India Growth to Reach 6.5% in FY26 Amid US Tariff Risks

The World Bank has raised its growth forecast for India in FY 2025–26 to 6.5 percent, citing resilient domestic demand and tax reforms, but warns that a sharp 50 percent tariff imposed by the U.S. on many Indian exports could curb growth to 6.3 percent in FY 2026–27.

Stronger performance drives upgrade

In its South Asia Development Update published on October 7, 2025, the World Bank noted that India’s real GDP for April–June 2025 rose by 7.8 percent — well ahead of expectations. The jump was fuelled by robust private consumption, higher investment, and inflation remaining lower than projected.

“India is expected to remain the world’s fastest-growing major economy, underpinned by continued strength in consumption growth,” the report states. It cites favourable agricultural output and rural wage growth as key pillars. The bank also pointed to the government’s rationalisation of the GST — reducing tax slabs and simplifying compliance — as a catalyst for economic activity.

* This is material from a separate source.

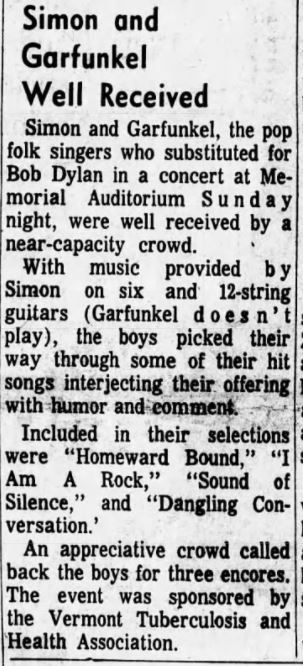 Simon & Garfunkel repleaced “The Lovin’ Spoonful” in Saint John. The show drew 3000 attendants and they sang “The sound of silence”, “A hazy shade of winter” and “a very pretty ballad-type piece “For Emily, when ever I may find her”. [source: Telegraph Journal, Jan 28, 1967].

Tariff threat clouds FY27 outlook

Despite the upward revision for FY 2025–26, the World Bank has lowered its projection for FY 2026–27 from 6.5 percent to 6.3 percent. The driver of this change: the imposition of 50 percent tariffs by the U.S. on about three-quarters of India’s exports bound for American markets.

According to the report, as of August 2025, India faces higher tariffs than many of its competitors. Nearly one-fifth of India’s merchandise exports in 2024 were destined for the U.S., translating to about 2 percent of GDP. The World Bank views this as a dampener on India’s external demand and overall growth momentum in the coming year.

Outlook and risks

While India’s growth trajectory remains strong by global standards, the report cautions that external headwinds — particularly escalated trade barriers — could erode resilience. The 50 percent U.S. tariff may force Indian exporters to either absorb costs or pass them on, potentially hurting export volumes, profit margins, and global competitiveness.

On the domestic front, continued policy support, reforms in taxation and trade facilitation, and sustained investment in agriculture and infrastructure may help cushion the impact. However, the growth downgrade signals that India cannot remain impervious to global trade tensions.